Dal punto di vista geografico il Cile è infatti un Paese
senz’altro unico al mondo. trattandosi di una striscia
di terra larga appena 200 km, ma lunga ben 4300
km, chiusa dalla cordigliera delle Ande da un lato e
dall’Oceano Pacifico dall’altro.
Con una simile disposizione longitudinale gli
ambienti climatici non possono essere che variegati
e multiformi. Una grande regione desertica nel
nord, vulcani, foreste e laghi a far da cornice nella
fertile vallata centrale, fiordi e ghiacciai nel sud: così
si può sommariamente sintetizzare il paesaggio cileno.
Ma i motivi per un viaggio in Cile non sono da ricercare
solamente nelle bellezze naturali, notevoli sono anche
le testimonianze storico-culturali, che vanno dai reperti
archeologici degli indios Araucani alla presenza della
penetrazione coloniale spagnola, per arrivare al Cile
di oggi, da poco riconsegnato alla società civile dopo
un regime militare durato diciassette anni.

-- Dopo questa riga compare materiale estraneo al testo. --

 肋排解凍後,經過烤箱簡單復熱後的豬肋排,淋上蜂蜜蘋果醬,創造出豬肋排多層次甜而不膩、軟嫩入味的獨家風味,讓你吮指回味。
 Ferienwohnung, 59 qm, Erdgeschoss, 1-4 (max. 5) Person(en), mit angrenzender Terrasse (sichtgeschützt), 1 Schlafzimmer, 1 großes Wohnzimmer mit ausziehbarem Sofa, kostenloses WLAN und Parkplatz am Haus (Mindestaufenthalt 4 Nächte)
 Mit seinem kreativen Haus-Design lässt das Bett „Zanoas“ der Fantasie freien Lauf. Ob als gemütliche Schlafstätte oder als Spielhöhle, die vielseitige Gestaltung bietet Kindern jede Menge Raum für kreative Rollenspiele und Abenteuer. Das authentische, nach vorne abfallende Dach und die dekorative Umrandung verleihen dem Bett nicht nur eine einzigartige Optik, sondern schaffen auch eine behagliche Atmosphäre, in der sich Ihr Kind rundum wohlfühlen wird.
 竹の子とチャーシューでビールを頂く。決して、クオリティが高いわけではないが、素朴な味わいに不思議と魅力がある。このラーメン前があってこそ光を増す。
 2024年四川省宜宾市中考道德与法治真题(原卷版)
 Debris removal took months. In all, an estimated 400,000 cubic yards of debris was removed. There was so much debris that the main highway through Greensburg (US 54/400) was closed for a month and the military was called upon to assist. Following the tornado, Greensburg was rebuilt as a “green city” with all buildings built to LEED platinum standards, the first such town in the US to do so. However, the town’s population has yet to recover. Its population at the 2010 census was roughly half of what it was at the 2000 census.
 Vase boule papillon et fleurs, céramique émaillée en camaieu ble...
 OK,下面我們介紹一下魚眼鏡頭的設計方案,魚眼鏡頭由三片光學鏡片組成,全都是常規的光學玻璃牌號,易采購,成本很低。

Dall’Italia si può arrivare in Cile con un lungo volo
diretto ma accedervi per via terrestre dai Paesi limitrofi
costituisce di per sè un’esperienza entusiasmante
visto l’eccezionale paesaggio d’alta montagna che
s’attraversa.
Così la strada che collega la città argentina di Mendoza con Santiago del Cile passa proprio ai piedi
delle più alte cime andine, tra le quali l’Aconcagua,
la più alta vetta d’America con i suoi 6959 metri
regalando al viaggiatore visioni mozzafiato di massicci
innevati e profonde scarpate.
Superato il confine al passo de La Cumbre (a oltre
3800 metri d’altezza) inizia la lenta discesa verso
Santiago del Cìle: lasciata alle spalle la stazione
sciistica di Portillo lo scenario muta man mano che
ci si abbassa di quota per incontrare dopo un paio
d’ore la più esterna cintura periferica della città.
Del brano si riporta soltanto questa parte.